§ **Problem to work on**: Only the lines below from the one containing "Особливе враження справив" through the one containing "Cappottino corto a" belong in the answer, repeated exactly and without pictures.

§ **Available records**:

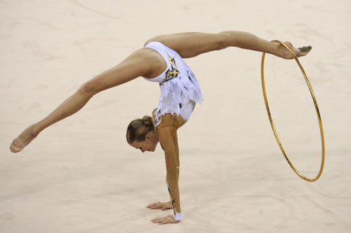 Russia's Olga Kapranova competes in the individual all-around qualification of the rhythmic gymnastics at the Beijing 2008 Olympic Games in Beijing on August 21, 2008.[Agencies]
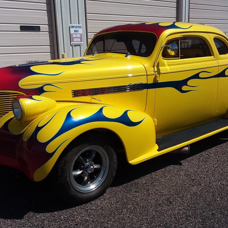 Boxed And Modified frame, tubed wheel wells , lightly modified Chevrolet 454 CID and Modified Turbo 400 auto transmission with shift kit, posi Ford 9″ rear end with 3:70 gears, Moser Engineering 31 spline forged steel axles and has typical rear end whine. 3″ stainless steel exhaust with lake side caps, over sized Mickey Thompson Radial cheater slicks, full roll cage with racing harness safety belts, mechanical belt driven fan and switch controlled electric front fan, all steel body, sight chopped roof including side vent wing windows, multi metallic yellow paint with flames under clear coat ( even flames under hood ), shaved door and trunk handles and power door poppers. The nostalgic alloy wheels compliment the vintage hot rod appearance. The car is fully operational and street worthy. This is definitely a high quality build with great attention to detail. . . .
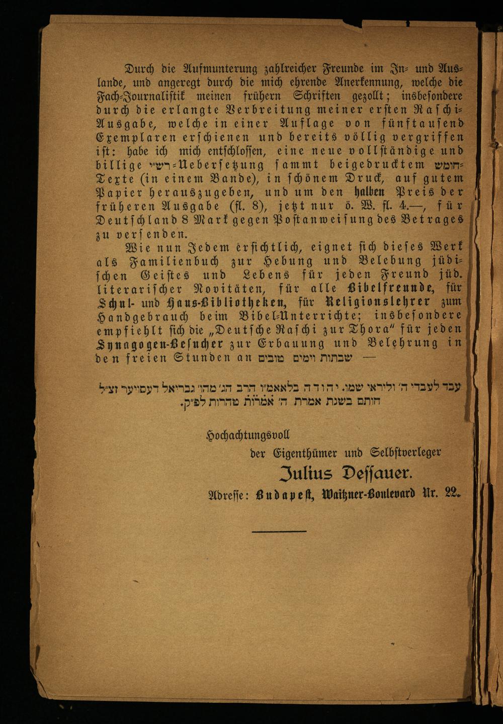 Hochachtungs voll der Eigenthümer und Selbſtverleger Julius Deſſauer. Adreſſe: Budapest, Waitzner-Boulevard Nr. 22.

==

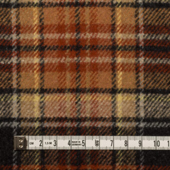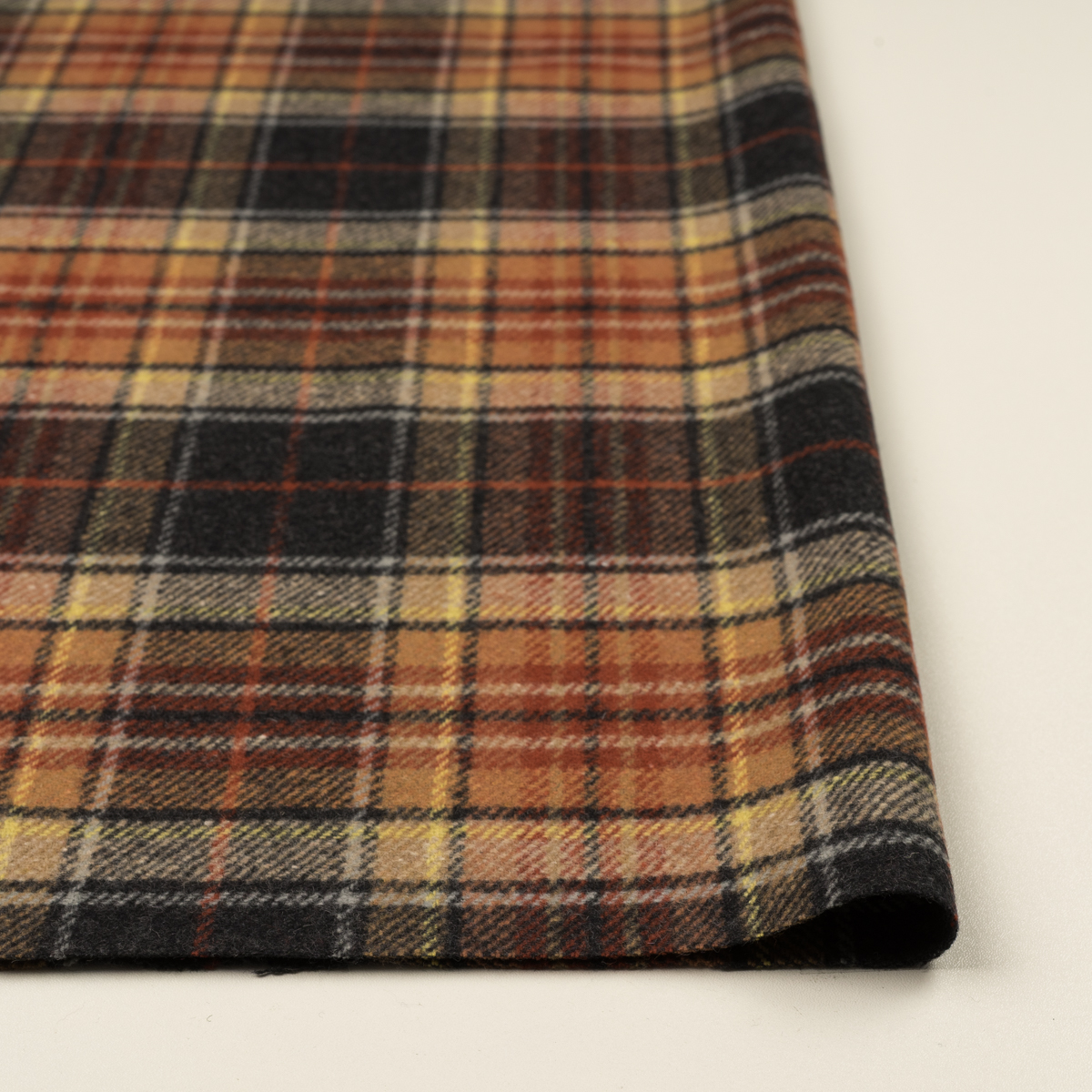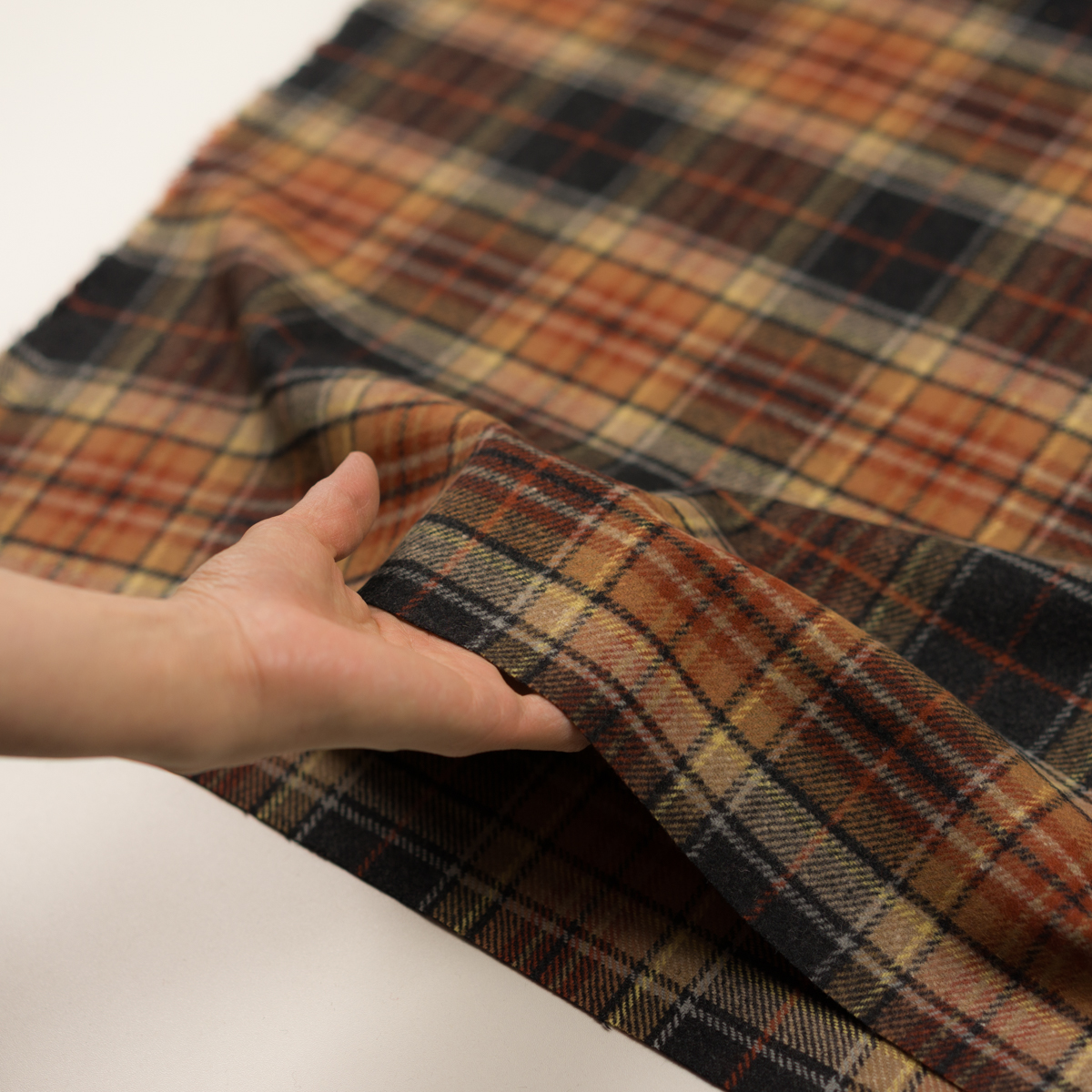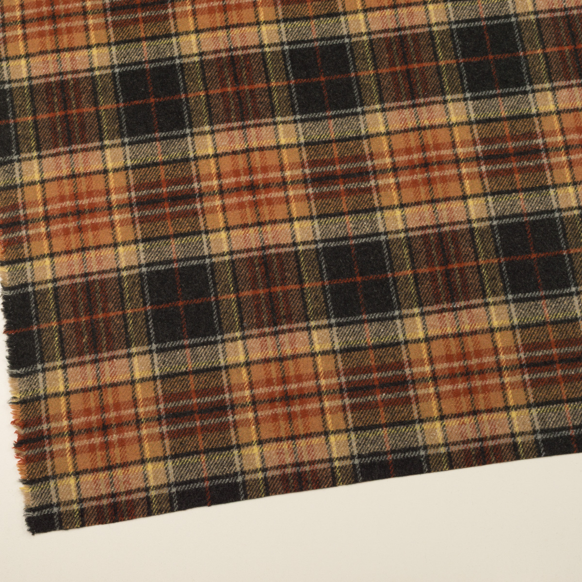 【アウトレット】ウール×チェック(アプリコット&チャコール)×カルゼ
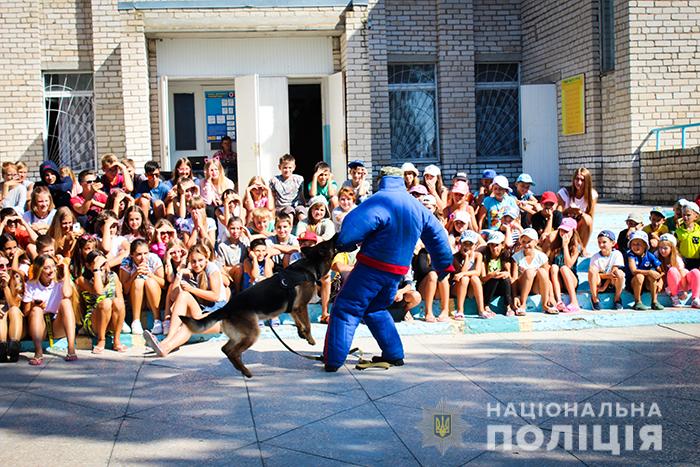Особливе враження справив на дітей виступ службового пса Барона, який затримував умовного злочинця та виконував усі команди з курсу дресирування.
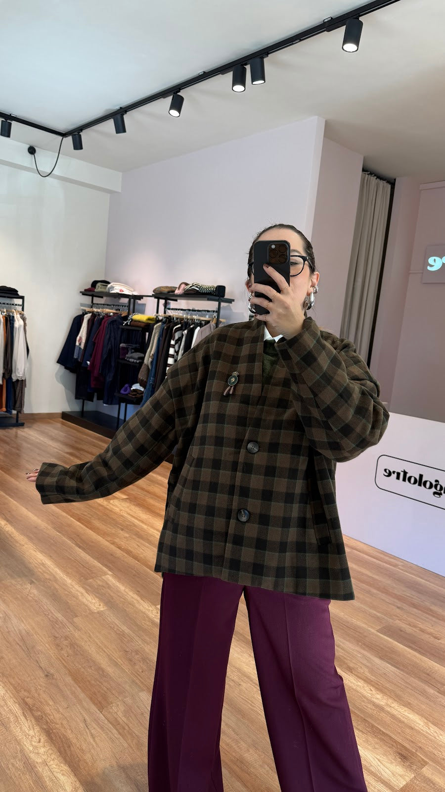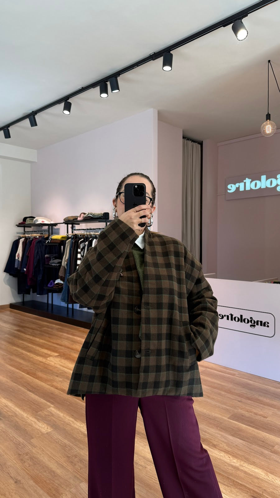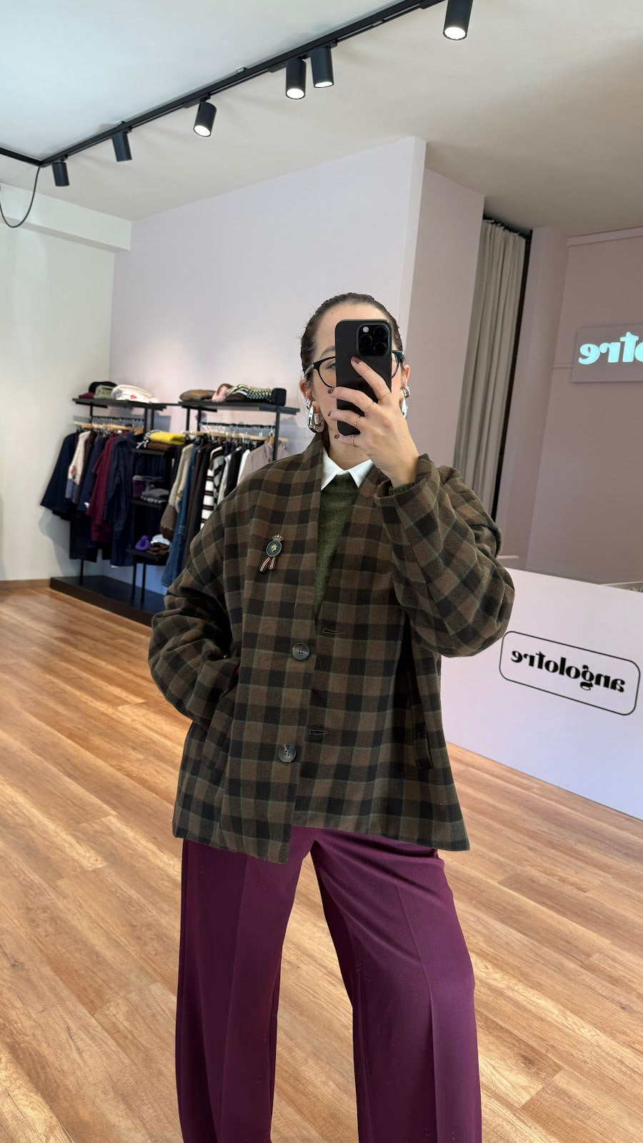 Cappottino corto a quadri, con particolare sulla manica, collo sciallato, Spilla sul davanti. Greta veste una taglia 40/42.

§ **Final answer**:
Особливе враження справив на дітей виступ службового пса Барона, який затримував умовного злочинця та виконував усі команди з курсу дресирування.
 Cappottino corto a quadri, con particolare sulla manica, collo sciallato, Spilla sul davanti. Greta veste una taglia 40/42.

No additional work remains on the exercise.